Not surprising business interests have different opinions on the proposal. Groups like the California Chamber of Commerce, which has been involved in negotiations with the governor and legislature over improving infrastructure to help boost the economy, came out in support. Meanwhile, the National Federation of Small Business/California argued that small businesses fear that increased costs associated with the gas tax boost will hurt small businesses and workers.
The Los Angeles County Business Federation expressed disappointment that the plan didn’t emphasize public-private partnerships to do some of the road work while at the same time acknowledging that some of its members would support the tax plan while others would find fault with it.
CalChamber president Allan Zaremberg said in a release, “Our transportation infrastructure is critical to California’s economy. The California Chamber of Commerce supports new revenue to repair and maintain our roads and bridges and to reduce traffic congestion. Every day, California drivers spend too many hours in choking traffic on deteriorating roads, while businesses face increased costs and falling productivity from congested highways.”
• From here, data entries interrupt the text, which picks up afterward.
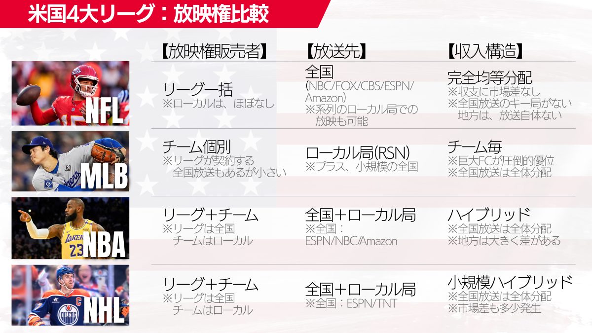 | NFL | 全国放映のみ。系列の地元TV局には放映権を付与。リーグ主導で巨大契約を一括管理。均等配分。 |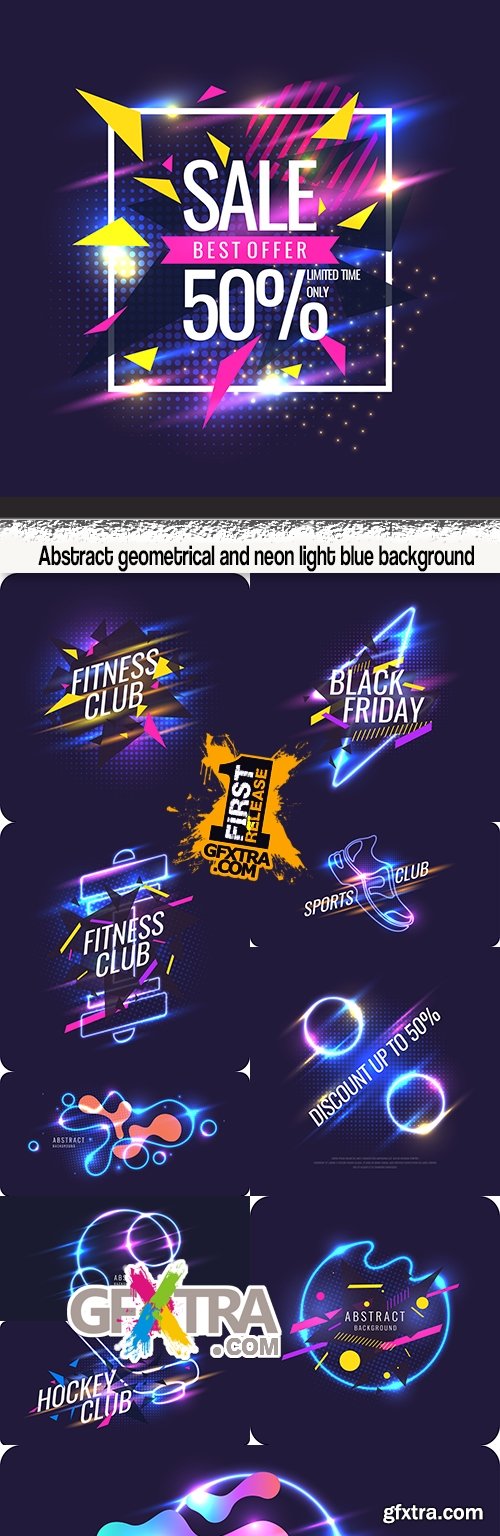 Abstract geometrical and neon light blue background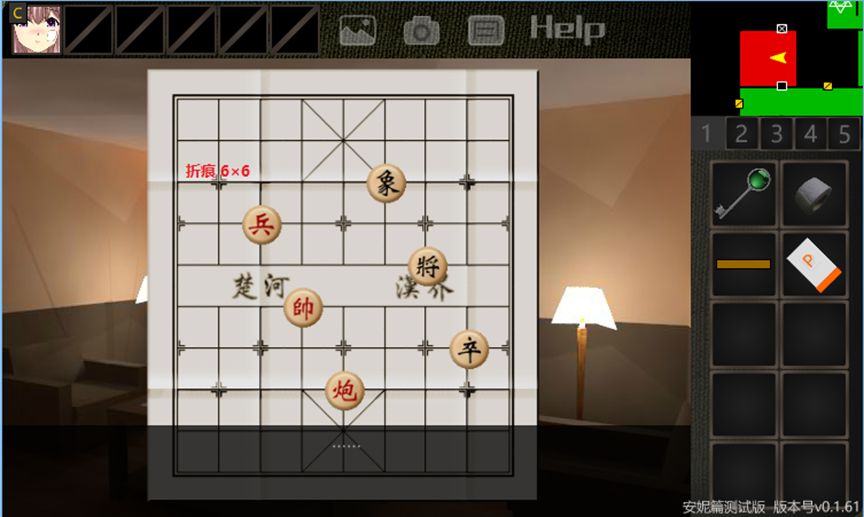 11.右转,桌子上有乱走象棋谜题。注意到棋子有6个,并且有四道折痕,围成了6×6的形状。由于棋子为6个,使我们联想到了刚刚解开的“六皇后谜题”,将它们围成六皇后即可(解法有4种)。柜门解锁。点击右侧柜门,获得【人偶的左臂】。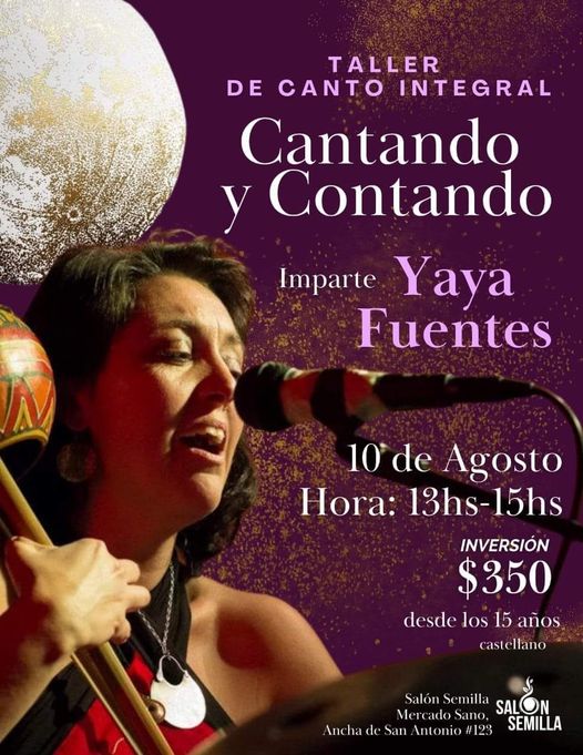 Chilean singer and musician Yaya Fuentes will unleash the hidden diva inside you in this vocal workshop in the Semilla Room at Sano Market. Singers, theatre artists, classroom teachers, social workers, therapists and general public is invited. Ages 15 and older. No previous experience required. There is room for 23 students. Instruction is in Spanish with some English.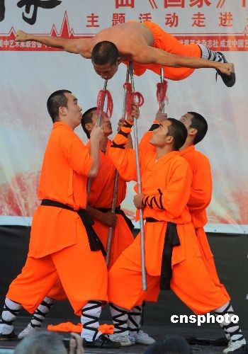 当地时间6月22日晚,洛杉矶华埠举行主旋律歌曲《国家》走进美国华人社区主题活动,成龙亲自为现场观众献唱歌曲《国家》。当地艺人表演了中国传统武术等节目。图为洛杉矶华埠少林武僧表演硬气功。中新社发 张炜 摄

Tom Scott of NFIB had a different view: “NFIB is firmly opposed to this package of transportation tax increases, which includes the highest gas tax increase in California history. While we can all agree there is a dire need to invest in our roads and infrastructure, Californians already pay billions in taxes every year to fund these repairs. Sacramento already has the money to fix our roads, but Governor Brown, Senate Pro Tem Kevin de Leon, and Speaker Anthony Rendon today announced they would rather raise new taxes on the backs of small businesses and working families.”
The battle is on for the votes. As of now the two-thirds majority needed to approve the tax doesn’t seem to be there, especially for the April 6 deadline set by the governor. However, the governor is determined to make this happen. If one Republican jumps aboard, Brown will claim bi-partisan support. However, Republican legislators oppose the plan pushing their own transportation funding measure, AB 496, authored by Assemblyman Vince Fong.
Brown and his colleagues tried to blunt Republican opposition by noting that the provisions of gas tax and road repair package were in line with President Ronald Reagan’s federal gas tax increase of 1982.
The tax increase proposal will have repercussions on other measures floating through the legislative process. Bills promoting tax increases are likely doomed if the $5.2 billion gas tax measure becomes law.